In January 1988, the tour was on a brief hiatus. Michael Jackson apparently spent some of his time off at his parents' home in Encino. In the late '80s, I had just become a father. But, I had no clue about responsibility and wandered happily and aimlessly around town when I wasn't working.

That was how I found the bookstore. It was different than other places on the boulevard. It seemed totally removed from the bizarre, strange and otherwise twisted world just beyond the huge plate-glass windows that faced south onto the boulevard. The bookstore always amazed me. The creaky floorboards; the smell of musty, unturned pages. There were many undiscovered worlds here. And, with a selection wider and somewhat more revered than that of the public library on Vine Street, it was a great place to explore on weekday mornings.

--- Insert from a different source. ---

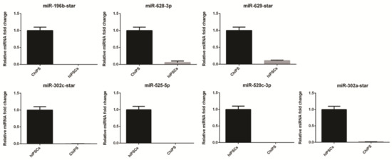 The most up- and downregulated miRNAs were verified by the RT-qPCR technique: hsa-miR-196b-star, hsa-miR-628-3p hsa-miR-629-star, hsa-miR-302c-star, hsa-miR-525-5p, hsa-miR-520c-3p, and hsa-miR-302a-star (Figure 6).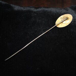This is an antique stick pin with an oval top that has the letter "A" engraved on it. The metal appears to be brass. There are normal signs of age and wear, but overall, the pin is in very great shape.

Plus, unlike the library, the bookstore didn't have homeless sleeping among the stacks.

It was one of those mid-winter days that draw Midwesterners to California like moths to an electrified blue light.

I'm alone in the bookstore. carefully going down the aisles, when suddenly I realize there's a guy sprawled out on the floor in front of me. Just as suddenly, two very large men appeared at either end of the aisle clearly blocking it off. The man on the floor was blissfully unaware of any of this.

I assumed he was homeless; when I got closer, it became clear. The homeless guy on the floor was Michael Jackson. He was reading a book about Disneyland. He stood up and asked me what I was looking for. I replied that I, too, was looking for a Disney book for my child. We exchanged small talk about my son, who at the time was still an infant. He asked if I had a picture. I said yes, and took out my wallet. Jackson gazed at portrait for a moment. He flipped it over, signed his name with a red pen and said, "Thank you for letting me see the picture.'

About that same time, the two bodyguards came over and led the superstar to the counter. He paid for the Disney book he was looking at and left in a small car that was parked out front. I spent the day and maybe the next week showing off the picture and autograph on the back.

I've since lost the signed picture. It disappeared in a move several years back. I haven't lost my memory of the day, and it's resonated in my mind since then (if for no other reason than the obvious Jackson's criminal court case on charges of child molestation and his acquittal Monday).

The world has changed many times over since the 1980s. Of course, my son has long since grown up. As for the big picture, the Soviet Union doesn't exist; neither do phone booths for that matter. Modern pseudo- stars don't have an eighth the talent of a Russell or a Deluise. Today they are carefully sculpted hot-bodies who have the time to humiliate themselves in psuedo-reality programs appealing to the lowest common denominator.

And, isn't that what Michael Jackson has become? Bad star of a reality show that has reached its "Thriller' of a conclusion?

One thing that probably hasn't changed is that book store. I imagine it's still there. Perhaps in a couple of years I'll return for a copy of the true crime book that tells the whole story.